Jon Christensen, the great jazz drummer, died the morning of February 18, 2020, in his hometown of Oslo, Norway. He was 76.
Christensen is best known for his large body of recordings on Manfred Eicher’s ECM label, and helped define the spare, haunting, pristine sonic qualities associated with the “ECM sound.” It was on that label that he performed throughout the 1970s as a member of Keith Jarrett’s “European Quartet,” along with saxophonist and fellow Norwegian Jan Garbarek and Swedish bassist Palle Danielsson. The albums Jarrett released with that ensemble—studio sessions “Belonging” (1974) and “My Song” (1978), along with the live recordings “Personal Mountains,” “Nude Ants,” and ‘Sleeper” (all 1979)—cemented both Jarrett’s place as a composer and bandleader and Christensen’s own international reputation as a first-call sideman.
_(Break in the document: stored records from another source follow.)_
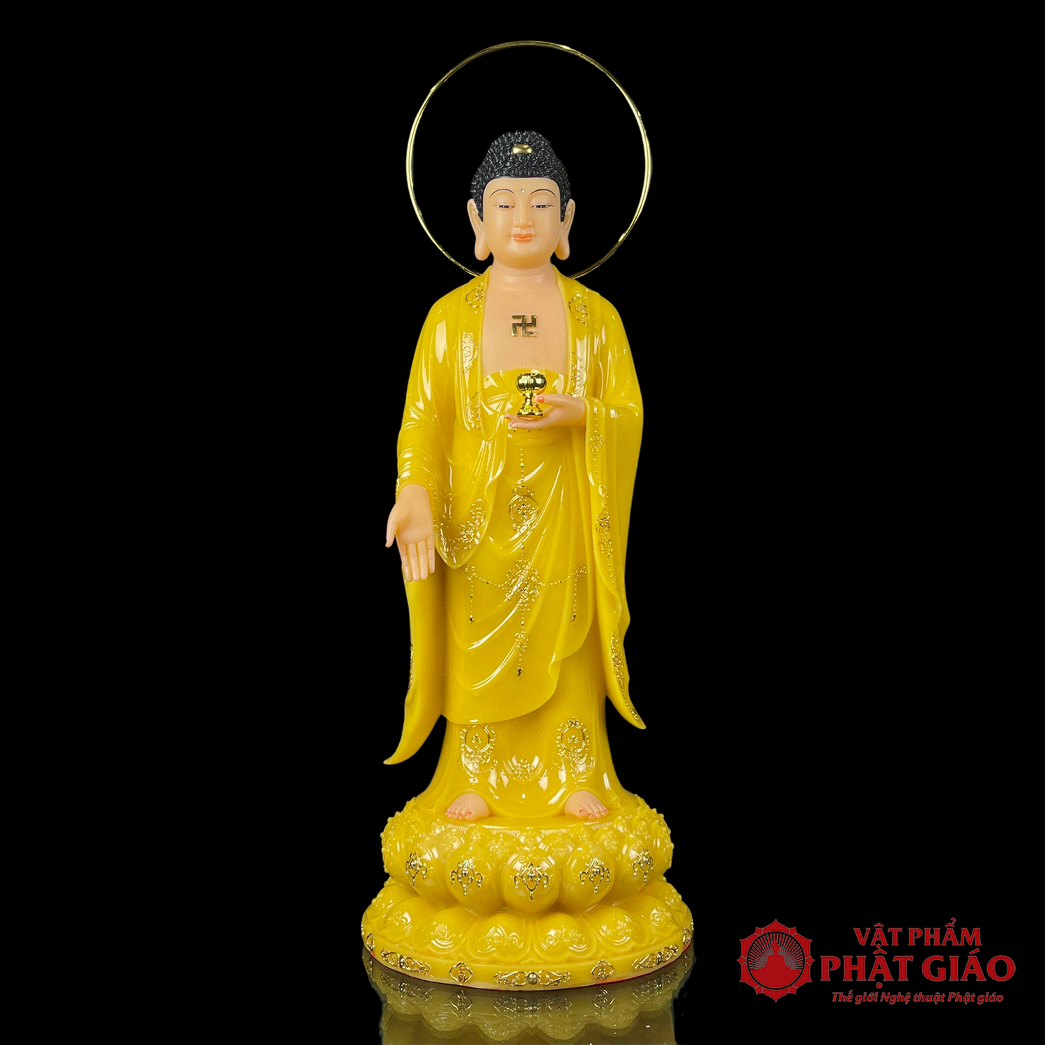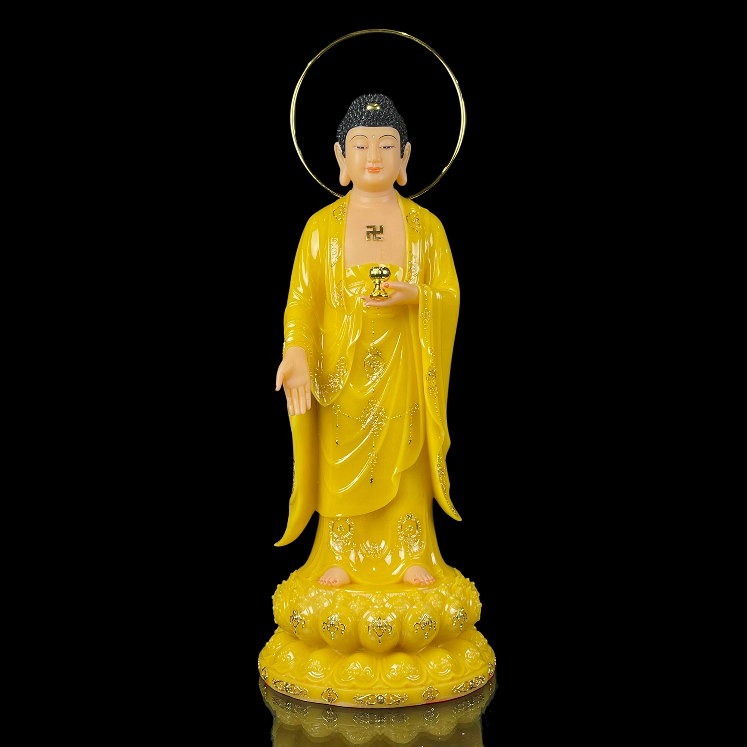 Đức Phật A Di Đà là biểu tượng của Vô Lượng Quang và Vô Lượng Thọ, mang ánh sáng trí tuệ vô tận và phước lành trường thọ. Thờ tượng Phật A Di Đà giúp gia chủ nuôi dưỡng tâm từ bi, hóa giải phiền não, hướng đến sự an lạc và thanh tịnh. Tư thế đứng tiếp dẫn biểu thị cho sự tiếp độ chúng sinh, dẫn dắt về cảnh giới Cực Lạc an lành.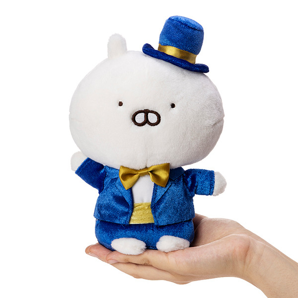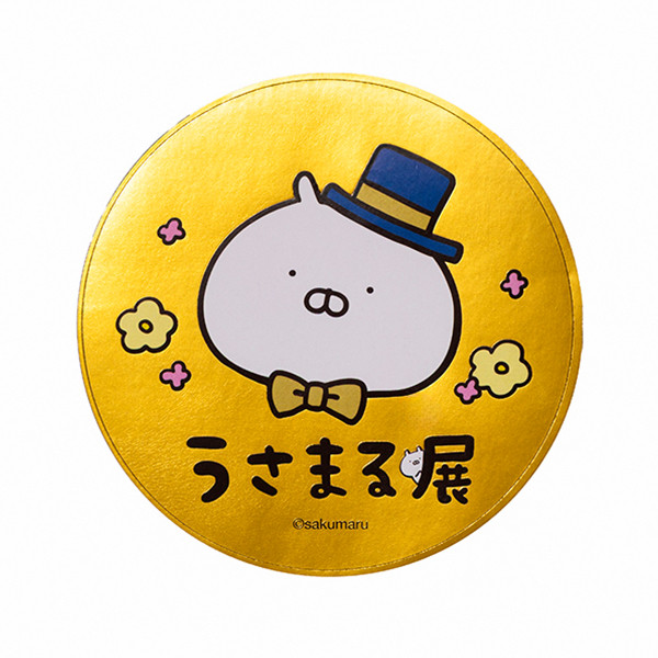ゴールドステッカー:W100×H100(mm) ドレスアップしたうさまる&うさこのペアぬいぐるみ(BOX入り)。全商品にうさまる展ステッカー付き。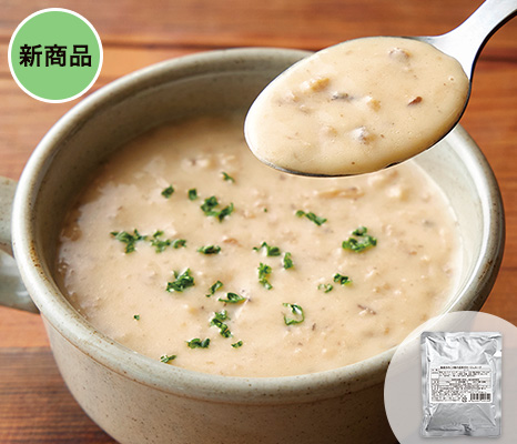 国産のしめじ、エリンギ、舞茸をすりつぶし、生クリームとバターで濃厚なポタージュに仕上げました。芳醇で奥深い味です。

Rather than here recapitulate Christensen’s biography and lengthy discography (done very well here (https://www.wbgo.org/post/jon-christensen-inspired-norwegian-drummer-heard-dozens-ecm-albums-dead-76), for the curious), I’d like to describe the particular characteristics of his playing that I find most appealing, which are also those which made so in-demand as a session musician and live performer. To do this, I’ll focus on one particular song: “Country,” from Jarrett’s “My Song.”
“Country” is Jarrett at his most sentimental and accessible, performed at a relaxed, even stately pace, with a clear, leaping melody, a simple structure, and strong, satisfying harmonic resolutions. In this sense it’s rather atypical of Jarrett’s songwriting, and perhaps of modern jazz generally. But its simplicity presents certain challenges to the jazz drummer.
First, it isn’t swung. The feel is straight quarter notes, like a pop song, and both melody and chord progression imply a heavy downbeat on the one and three, and a backbeat on two and four. Indeed, a drummer might play only that, and it wouldn’t feel inappropriate in the least. For Christensen, however, working in the jazz context, the question becomes how to honor that simplicity, to remain true to the purity of the composition, without playing anything all that simple.
Second, Christensen must find a way to complement the busy rhythmic situation created by Jarrett’s piano and Danielsson’s bass without merely following it. Jarrett’s style at the keyboard is both lush and quite rhymically propulsive, which are two of the traits underpinning his wild success as a solo-piano artist, but which leave not much room for percussive accompaniment when he plays with an ensemble. Add to that Danielsson’s powerful right hand, outlining the chord changes and bar lines crisply and precisely, and Christensen’s task becomes still more difficult.
In short, then, Christensen must play a simple song simply, but without either duplicating what his bandmates are already doing or playing too much, or too far “out,” thereby detracting from the gentle, lyrical sensibility of the composition.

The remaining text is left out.